Несколько другой вид получает этот вопрос в «Ином сказании
», составляющем прибавление к «Беседе». Автор «Иного сказания» думает уже о государственной пользе, «как царство во благоденство соедините и распространити от Москвы семо и овама». Он думает, что этого можно достигнуть не «царскою храбростию», но «валитовым разумом и царскою премудрою мудростью». Мудрость состоит в том, чтобы царю «беспрестанно» держать при себе «вселенский совет» «от всех градов своих и от уездов градов тех», «ото всяких мер всяких людей»[746]. Кроме того, у царя должен быть еще другой совет из «разумных мужей, мудрых и надежных приближенных воевод». Связь с этим малым советом у царя должна быть еще теснее: его он должен «ни на един день не разлучатися от собя»[747]. Совет разумных мужей есть, очевидно, Боярская дума; но что такое вселенский совет? Автор говорит о созвании его в будущем времени, он предлагает всему священническому и иноческому чину благословить царей на его созвание. Может быть, это только форма, и автор пользуется ею для оправдания в чьих-нибудь глазах уже совершившегося факта, но, может быть, автор и в самом деле предлагает нечто новое. Во всяком случае, вселенский совет по своему составу сильно напоминает первый Земский собор 1549–1550 г., как до недавнего времени его принято было себе представлять в согласии с изображением его в хрущевской «Степенной книге»[748]. Но если обратить внимание на то, чего ожидает «Иное сказание» от вселенского совета, какие оно возлагает на него задачи, то получится нечто другое. Вселенский совет должен рассуждать, прежде всего, «о всегоднем посту и о паянии мира всего», а потом уже «про всякое дело мира сего». На первом месте, значит, стоят дела духовно-нравственного содержания и только в виде добавления – дела собственно государственные[749]. Это приближает вселенский совет, скорее всего, к Стоглавому собору.Составляют ли учреждения, предлагаемые обоими памятниками, ограничение царской власти? «Беседа» говорит об отношении царя к боярскому совету в выражениях весьма неопределенных: царь должен «с советники совет совещевати», «советовати накрепко». Сделать отсюда какой-нибудь вывод было бы очень трудно, и остается неизвестным, выслушивает ли только царь своих советников, или он подчиняется их советам. «Иное сказание» выражается яснее. Царь созывает вселенский совет, чтобы его «распросити»

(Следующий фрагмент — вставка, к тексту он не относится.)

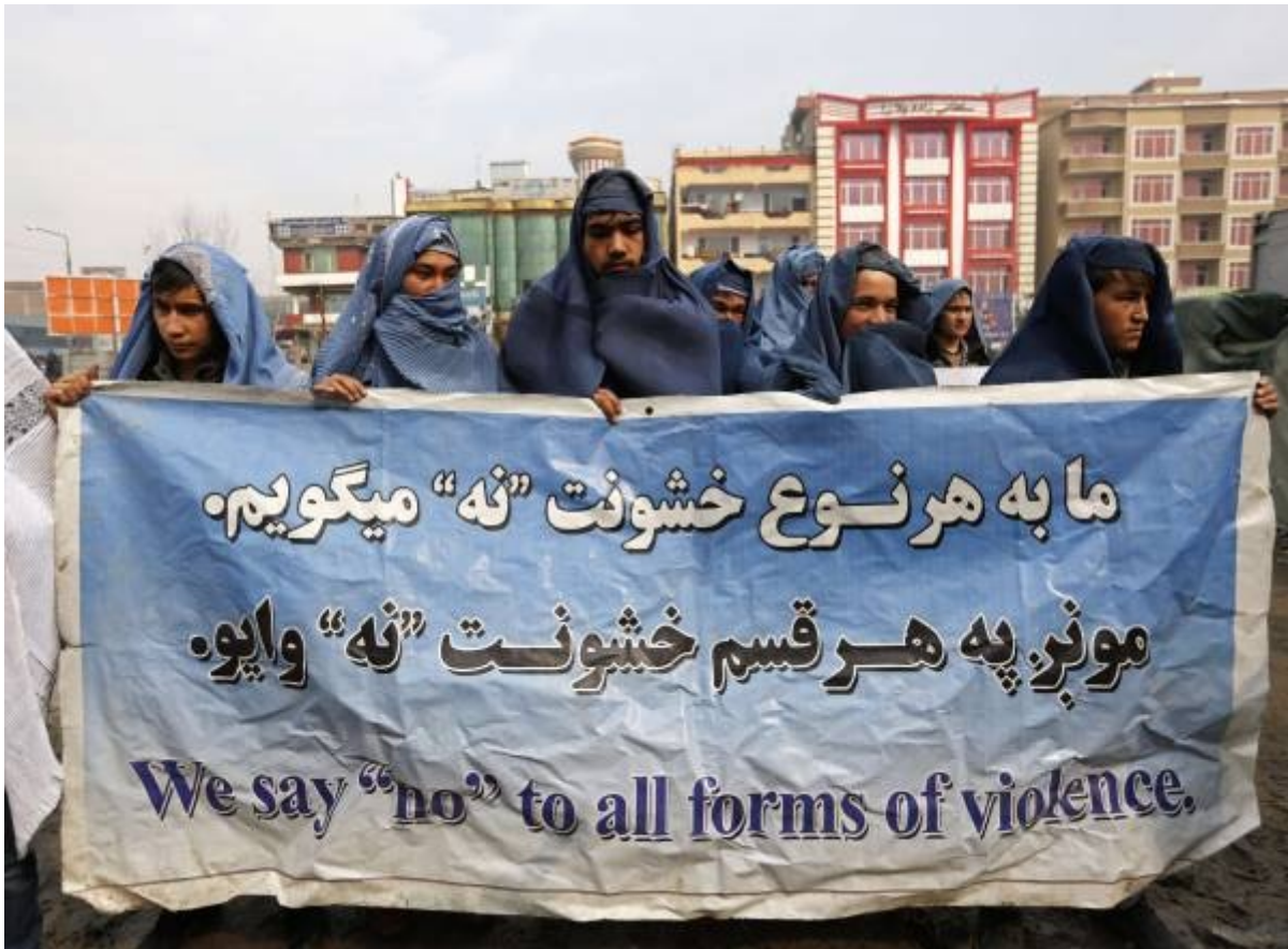
Kabul, 2015: uomini in burqa manifestano per i diritti delle donne

, а совет разумных мужей он держит при себе, «ведомо да будет царю самому про все всегда самодержства его»[750]. Оба совета, следовательно, только осведомляют царя, от них он узнает о состоянии государства, о нуждах народа; может быть, он спрашивает и мнения их об этом. Но никаких постановлений советы, по-видимому, не делают. Выслушав их, царь сам принимает меры против «властелинных грехов», а обязательное говение и исповедь он уставляет «своею царскою смиренною и всегодною грозою»; «царю самому крепко и крепко печися паствы своея», говорит автор. Итак, это учреждения чисто совещательного характера; они не составляют никакого нового ограничения царской власти.Гораздо определеннее и решительнее политические взгляды князя Курбского. Изложены они в его «Истории о великом князе Московском», в его посланиях, главным образом – в посланиях к Ивану Грозному, а отчасти в других сочинениях и летучих заметках. Все эти сочинения представляют довольно пеструю картину и не могут быть названы политическими в собственном смысле слова. В них отразилась и личная обида Курбского против Ивана Грозного, и его обличение жестокостей и несправедливостей царя, и ненависть к московским князьям, врагам удельных порядков, и боярские притязания. Эта пестрота содержания, в особенности – присутствие в нем личного элемента, сообщает сочинениям его своеобразный характер и живость. Сухой анализ, имеющий целью выделить из сочинений Курбского его политические взгляды, должен, по необходимости, их сильно обесцветить.